South Florida resident Carl Nicholson of Everglades City recently posted an amazing video that shows a large alligator swimming off with a dead (and equally large) Burmese python. As the gator pushes the python toward a wild and tangled Florida shoreline, Nicholson says in the video that the incident occurred at the 29 Canal in South Florida. This region is known for its abundance of native alligators and invasive pythons.
In the video you can also hear Nicholson say: “That’s a big gator and he can’t even take it down. He’s trying though.”
It’s unknown whether the gator killed the python in an epic struggle between two apex predators, or if the gator simply found the snake dead and was taking advantage of a free meal.

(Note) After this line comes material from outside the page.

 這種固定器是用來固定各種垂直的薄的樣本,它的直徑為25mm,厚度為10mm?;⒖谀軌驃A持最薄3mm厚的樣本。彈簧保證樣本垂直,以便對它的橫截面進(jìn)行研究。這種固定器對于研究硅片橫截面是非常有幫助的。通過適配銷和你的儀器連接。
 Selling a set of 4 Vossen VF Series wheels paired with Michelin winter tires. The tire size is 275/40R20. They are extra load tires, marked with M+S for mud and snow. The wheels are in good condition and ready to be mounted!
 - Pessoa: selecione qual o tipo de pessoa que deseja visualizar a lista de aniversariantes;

But battles between the two top-tier Florida reptiles is well documented, and there are plenty of videos and reports about such encounters. Alligators have ruled Florida’s waterways since time immemorial. But in the last few decades, invasive Burmese pythons have reached the top of the food chain in south Florida.
Pythons have increased in number exponentially, and have spread from the Everglades to the south, east, west, and north. Current estimates of the statewide python population range from 30,000 and 300,000 snakes. Wherever they slither they can be counted on to take their share of rabbits, deer, turtles, raccoons, possums, and birds, along with any other wildlife species they can coil themselves around. Some studies have found that pythons can reduce small mammal populations by almost 90 percent.

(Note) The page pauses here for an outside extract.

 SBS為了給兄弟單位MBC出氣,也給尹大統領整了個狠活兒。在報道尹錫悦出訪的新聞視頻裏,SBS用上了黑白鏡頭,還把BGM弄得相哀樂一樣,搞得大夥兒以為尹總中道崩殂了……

Florida Predator vs. Pythons
Burmese pythons are among the largest snakes in the world, capable of growing to 20 feet. The biggest python caught and officially recorded in Florida measured 17 feet, 7 inches. Florida alligators are huge, too, with the state record measuring over 13 feet long, weighing more than half a ton. However, researchers say that once a python reaches about six feet in length it has no natural predators in the wild. If that’s true, it’s likely that the snake in the video above was found dead, and not killed by the gator.
Biologists and conservationists are of course cheering for native predators in python country. Last summer researchers with the USGS captured trail camera photographs and videos of a bobcat tangling with a 120-pound female python that was defending her nest.

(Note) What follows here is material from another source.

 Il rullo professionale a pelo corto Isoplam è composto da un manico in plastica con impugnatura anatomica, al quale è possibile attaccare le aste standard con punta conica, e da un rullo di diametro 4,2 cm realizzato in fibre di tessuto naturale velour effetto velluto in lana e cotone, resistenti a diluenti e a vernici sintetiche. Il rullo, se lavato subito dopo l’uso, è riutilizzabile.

The bobcat and python fought to a standoff, but then the bobcat came back to raid the nest when the snake was gone. Over the course of several days, it picked the nest clean. This was the first time a bobcat had been documented preying on python eggs.
“We’re hoping to see if more natives are able to recognize pythons as a food item instead of it only being one-way predation,” lead researcher Andrea Currylow told the Miami New Times. “If that’s what’s really happening, that is so crazy! The capacity of this ecosystem to rebound is really exciting.”